Figure 5 shows an example of position estimation uncertainty (1s) in the Kalman filter and in the optimal smoothing. Position measurements are unavailable in an interval of 2 hours, and in this period the Kalman filter estimation uncertainty grows, before dropping instantly when position measurements become available at the end. The smoothing algorithm on the other hand, utilizes the position measurements at the end during the whole interval, and thus has a maximum uncertainty in the middle of the interval. At the last time-step, no future measurements are available and the two algorithms give equal estimates.
Figure 5 Estimation uncertainty in north-position by Kalman filter (green) and optimal smoothing (red). (A straight-line trajectory to the east, at latitude 45° is simulated. Sensors: 1 nmi/h class IMU, 600 kHz DVL. Position measurements are available the first 500 seconds and the last 300 seconds.)
Another property of the smoothing algorithm, that is often even more important than the improved accuracy, is its robustness. As mentioned above, smoothed estimates are always in accordance with the process model, and this quality is crucial in cases with wrong models or faulty measurements. If a measurement has an error that is significantly larger than what was modeled in the Kalman filter, a large jump in the estimates from the real-time filter is inevitable. A real-data example of such a jump is shown in Figure 6, where a position outlier (wild-point) with an error of about 41 meters is present. Since the Kalman filter expects a total position measurement uncertainty of 2.4 m (1s), the error of this measurement is above 17 sigma, and hence extremely unlikely according to the model. In the example, the outlier is followed by a period of position measurement dropout (which is typical), and thus the filtering error remains until the sound measurements bring the estimate back on track. The smoothing algorithm however, also seeing the measurements from all sensors after the outlier, is barely affected, even though it uses the same sensor model as the Kalman filter.

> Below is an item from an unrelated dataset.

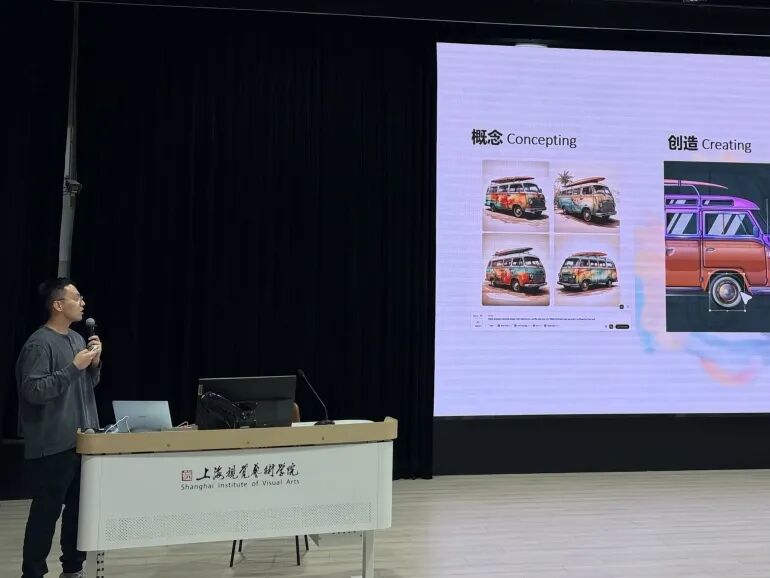 图虫创意产品经理李奕轩带来的分享,则聚焦在Adobe AI设计插件应用与版权知识科普两大核心。他不仅在现场直观演示了AI插件在创意辅助中的实操效果,更着重强调了版权知识对设计从业者的根基性作用。他的这一观点,也得到了刘泽斌老师的高度认同——对于正处于专业积累期的设计学子而言,厘清版权归属、规避侵权风险,是从学生身份向设计师身份转变的关键一步。尊重原创、严守版权规范,从来不是空洞的口号,而是每一位设计人安身立命的基本素养,更是未来职业道路上不可逾越的“红线”。

Figure 6 Trajectory from the HUGIN 1000 AUV. The track shows the vehicle going northwest. Blue: position measurement from DGPS+USBL (differential GPS + Ultra Short Base Line acoustic positioning). Green: Kalman filtered estimate. Red: Smoothed estimate.
The optimal smoothing algorithm is also robust against systematic sensor errors. In a HUGIN 3000 navigation accuracy verification sea trial in October 2000 (described in Section 5.2.2), there was a constant error in the DVL (Doppler Velocity Log) measurements that was above 8.3 sigma (due to an incorrect DVL configuration in this particular trial). This huge unmodeled velocity error led to a position error in the order of 10-15 m for the real-time estimates, while the smoothing, using the same model, proved a performance of 1.2 and 1.7 meters (1s north and east), see Figure 8 in Section 5.2.2.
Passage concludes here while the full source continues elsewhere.